Lt. McKaye got up, took care of their two lunch trays, and then took her leave, returning to the ship’s library to relieve the ensign on duty. This left Joanni alone at her table, a little at a loss and slightly self-conscious. The most logical course of action was, of course, to leave, but she had nowhere to go. Instead, she rose from her seat without fully standing straight up and grabbed the deck of playing cards lying on the table in front of her, returning to her seat, then absentmindedly shuffling the cards. She put the deck down and then picked it up and shuffled again. Chipman made his excuses to Matulis and Pissario and came over to her.
“Everything going well? You’re doing all right?” he asked.

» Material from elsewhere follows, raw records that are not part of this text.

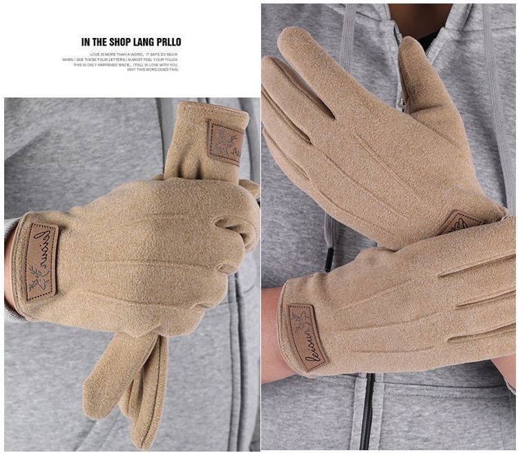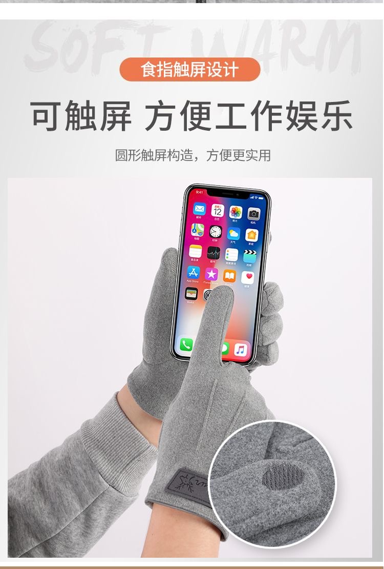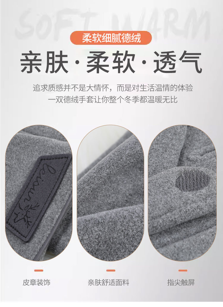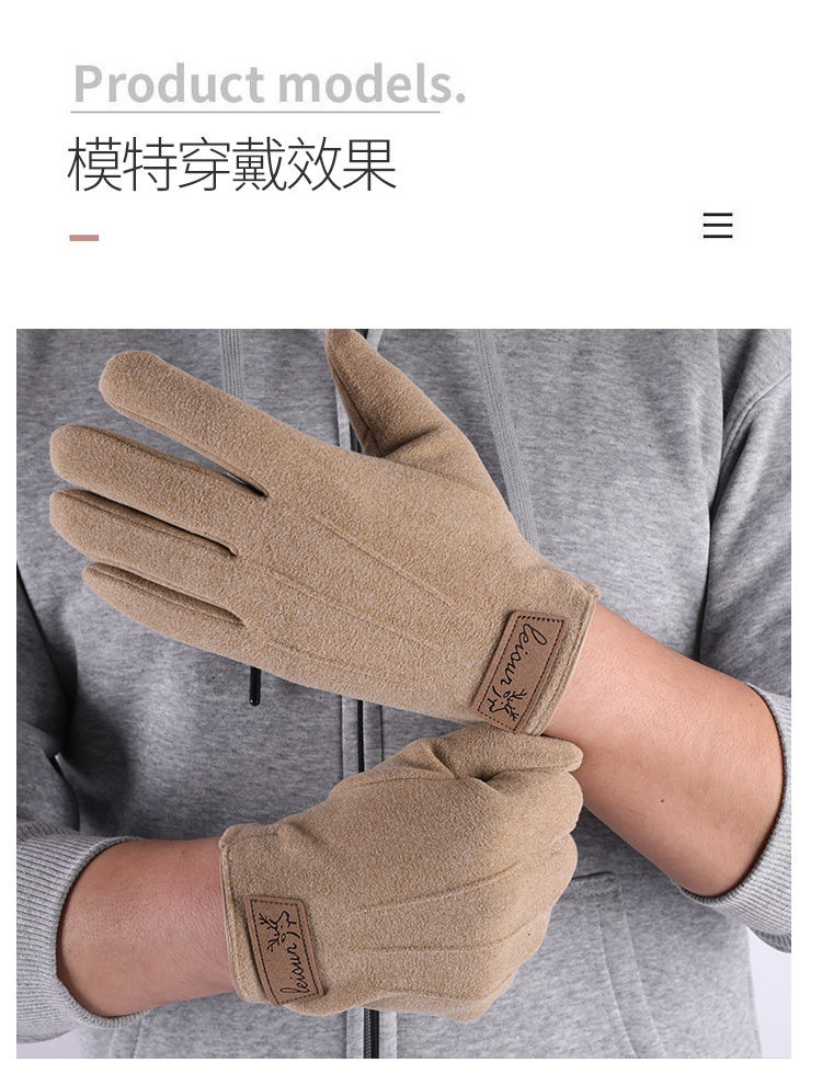 德绒手套男款秋冬季触屏保暖男款骑行手套时尚加绒分指手套秋冬防风保暖手套骑行手套
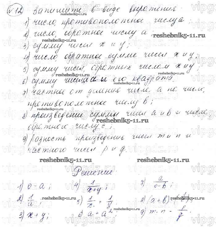 Готовая домашняя работа с ответами по Алгебре за 7 класс Мерзляк, Полонский, Якир Учебник Алгоритм успеха Базовый уровень Вентана-граф 2016 ФГОС - Упражнения 12
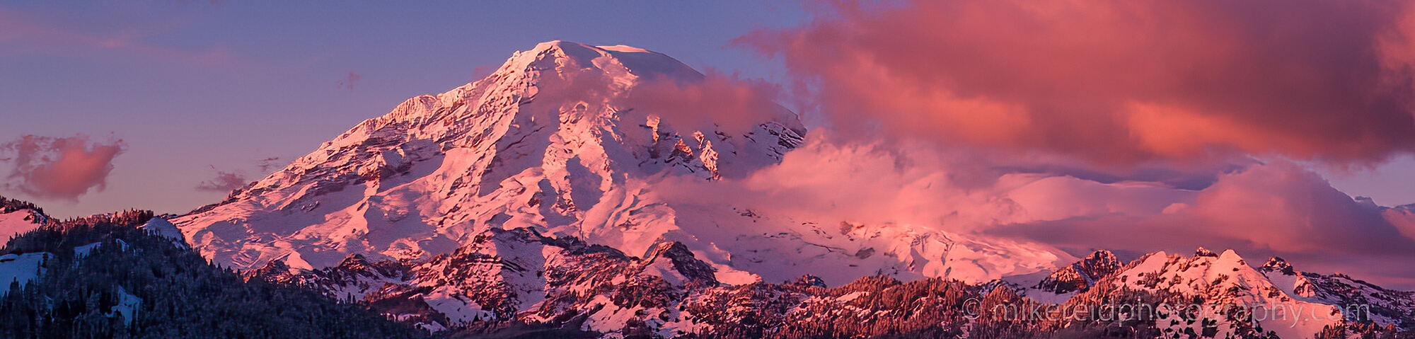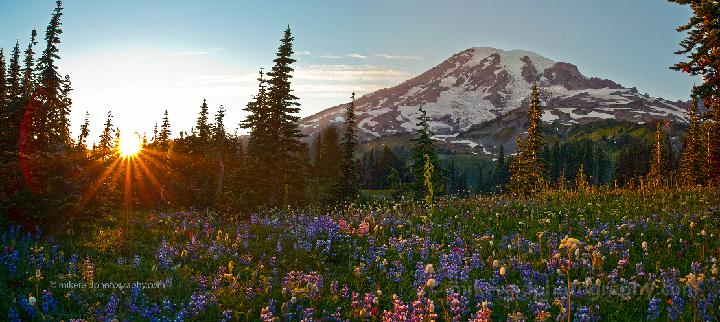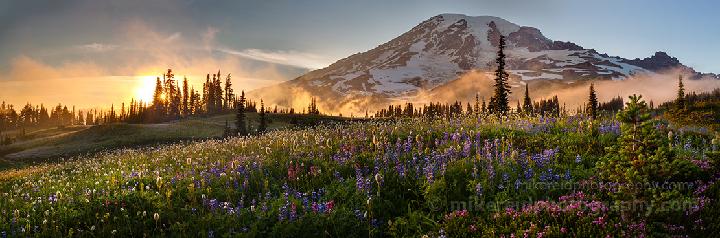 Mount Rainier Sunrise Panorama over Wildflower Meadows
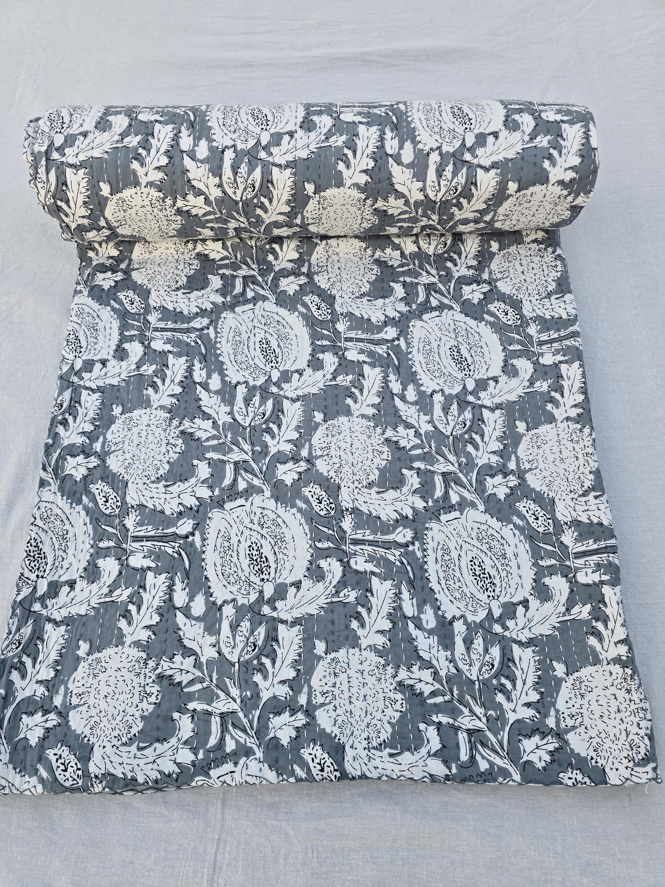 100% cotton and hand Block print kantha quilted, creating a beautiful varied texture.
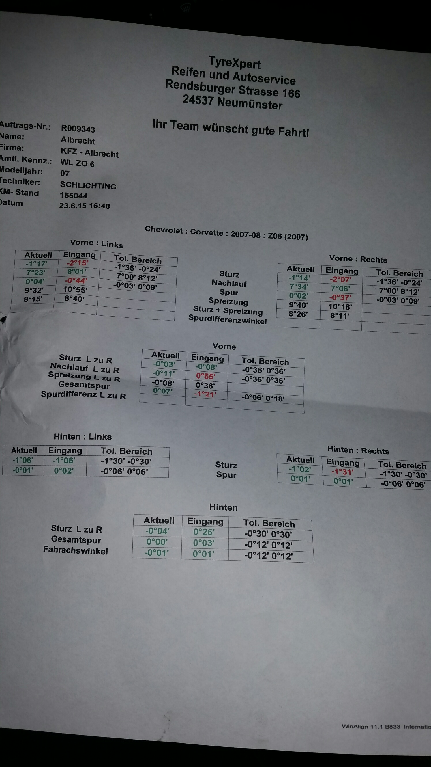 Am FW haben wir lediglich letzten Herbst (nach einer Probefahrt mit Opa und mir) eine Eingangsachsvermessung gemacht und da stand das Auto top, so das es keinen Grund gab daran etwas zu verändern, vor allem weil ganz klar zu hören war das die Buchsen hinten Geräusche machen, sprich diese eh irgend wann getauscht werden sollten!
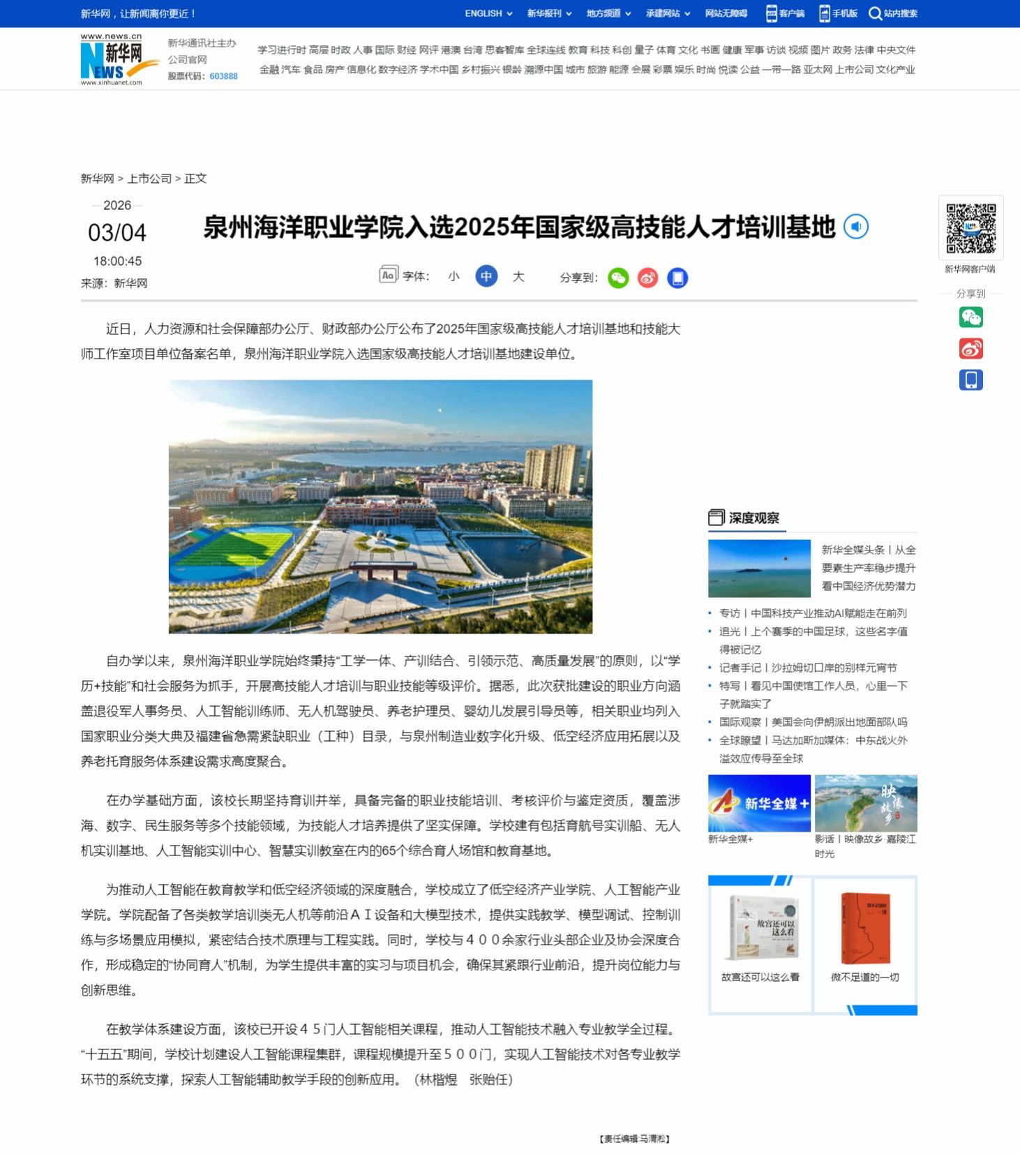 【新华网】泉州海洋职业学院入选2025年国家级高技能人才培训基地
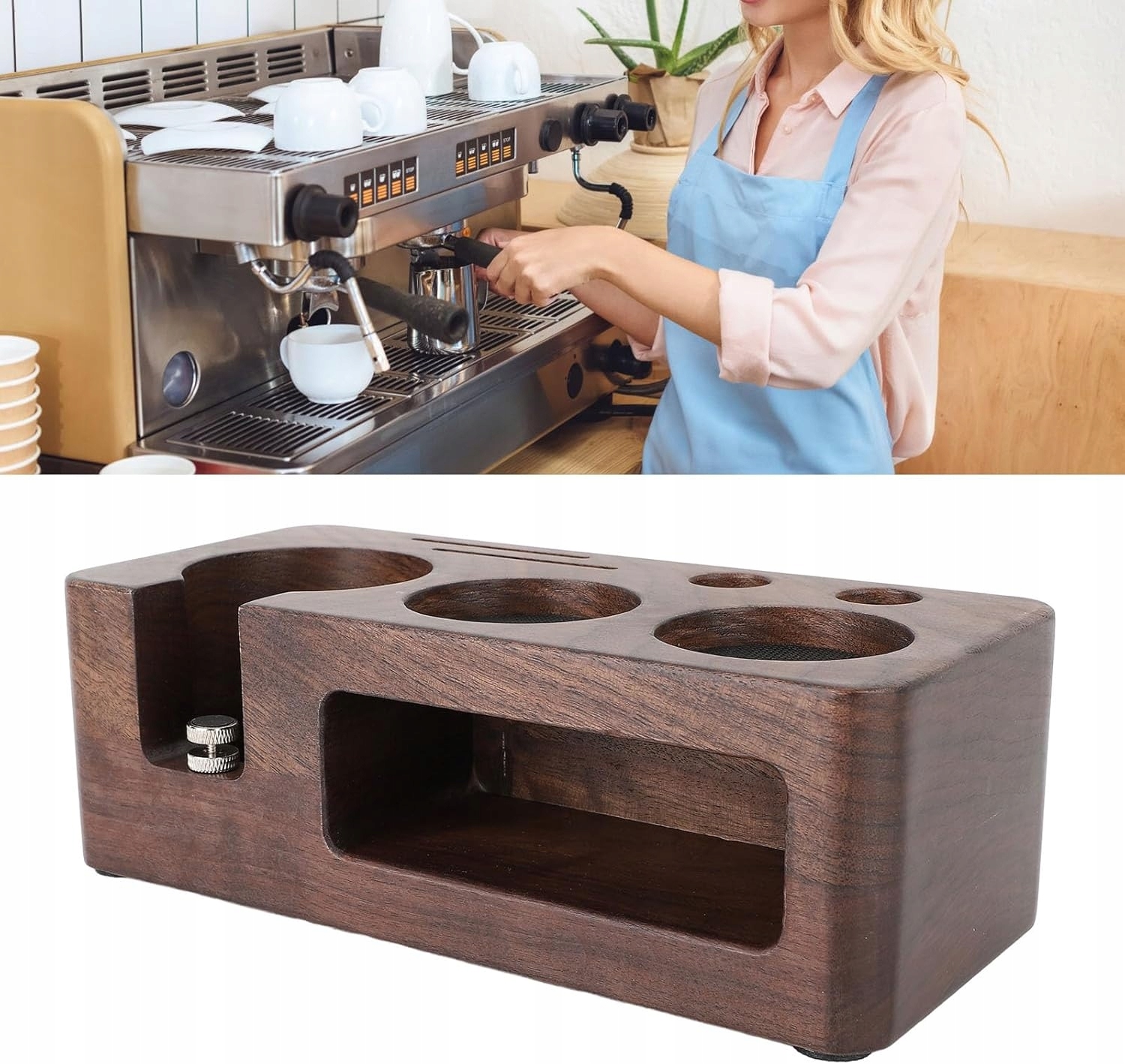 3. Сумісність із кількома кавовими машинами: ця дерев’яна станція для кави підходить для портафільтрів для кави різних розмірів, забезпечуючи широку сумісність.
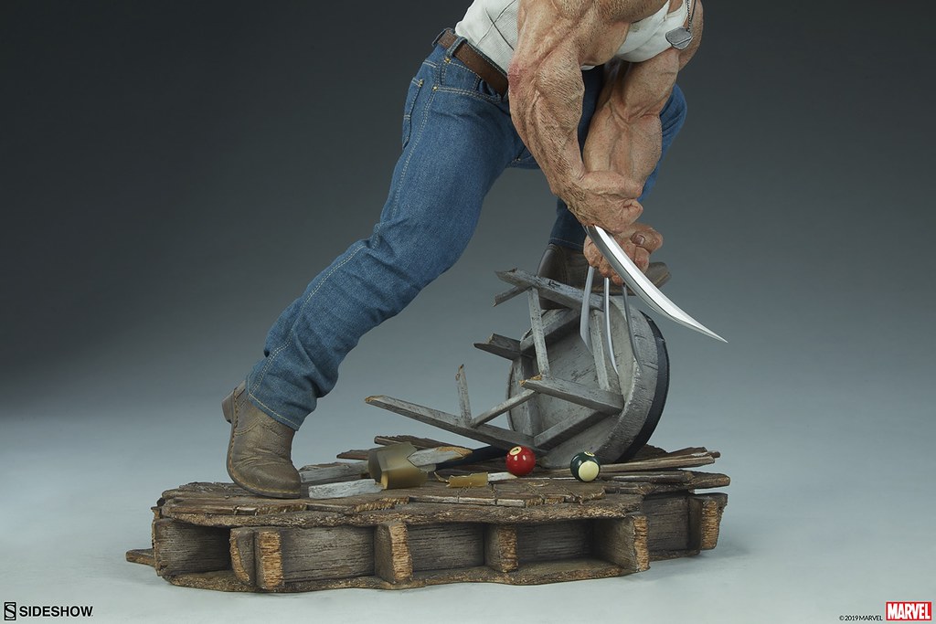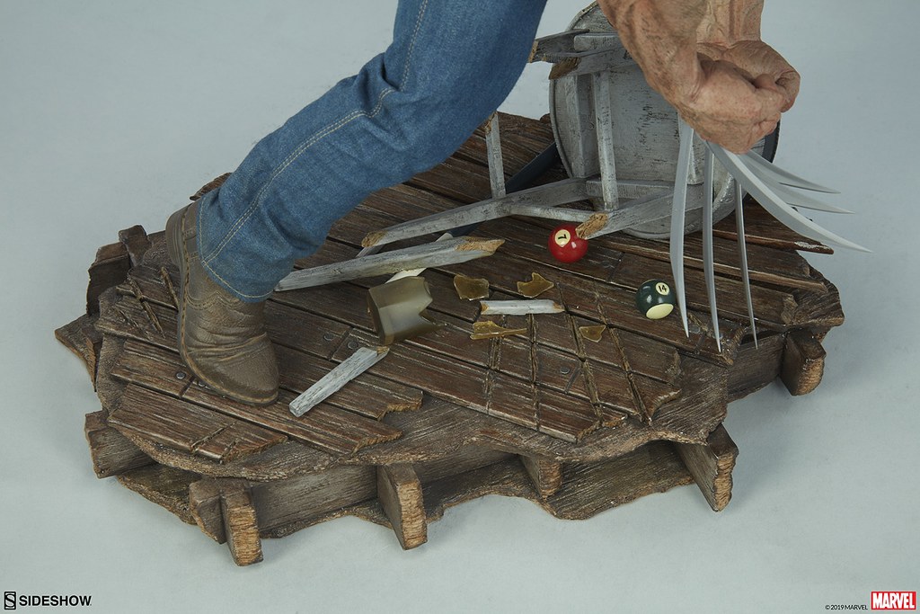 「Premium Format™ Figure 羅根」高約38.1 公分,是以羅根在酒吧裡引起騷動為主題設計,伸出鋼爪、怒吼的他左腳還踩著一張在椅墊上留有爪痕的殘破凳子,加上他前傾的姿態、雙臂爆起的青筋,完美展現出羅根的火爆脾氣,整體極具威懾感!白色背心有著精準的雕刻與破損髒污,牛仔褲採用布料製作,有著逼真的縫線細節,鋼爪則施以厚重的金屬感上色!酒吧木頭地板的場景地台展現出寫實質地,上頭散落著破碎的杯子跟撞球;EX版還追加了一顆看起來極度想要大鬧一場的壞笑頭雕!
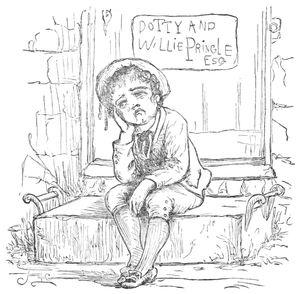"Dotty had an admirer. He was one year older than she, and his name was Willy Pringle. She loved him very much, partly because he had a jacket with two pockets, and gilt buttons down the front, and partly because when his mamma gave him any gum-drops he always brought her half of them to suck. So when he asked, 'Would she be his little wife?' she said she would.
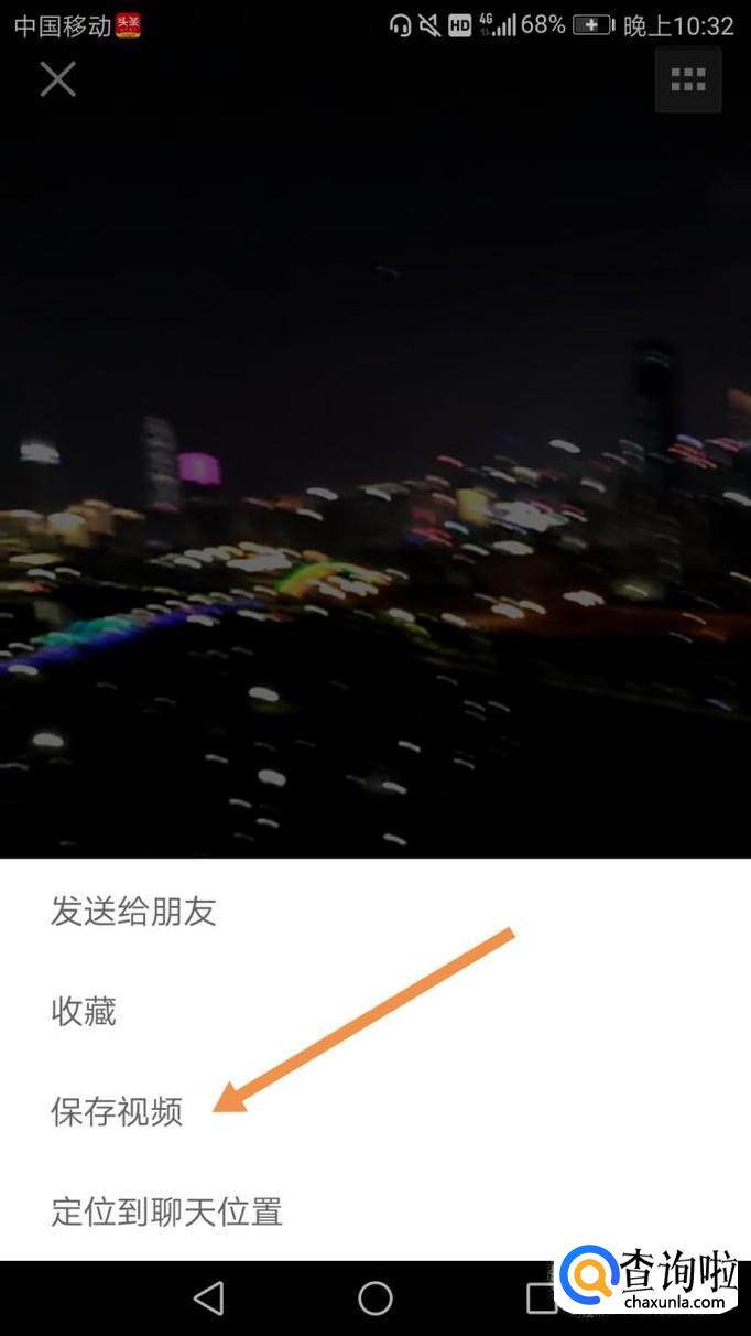 然后点开微信小视频,长按轻按小视频,就会出现几个选项,选择保存视频,如下图。

Joanni motioned him to sit down and join her. “Very well. Everyone’s friendly, and helpful . . .” She paused, thinking of the long road that brought her to this point.
“But . . .”
“Oh, nothing. I was just thinking that I feel a little de trop, maybe? I don’t know; I’m not part of the crew, not part of the diplomatic corps. I don’t have any real job to do.”
”Not learn Oreanian? And you are part of the diplomatic side of the mission, no?”
”Ha, ask them.”
Chipman looked at her. He was beginning to understand there was an entire library of backstories with this woman, and he was a naturally curious man. “It took some courage to come on this mission.”
Joanni appreciated the warmth of his words. “I am curious to see where the clesig came from, to see this whole other alien world that no one knows anything about. What will it be like? Completely unknown.”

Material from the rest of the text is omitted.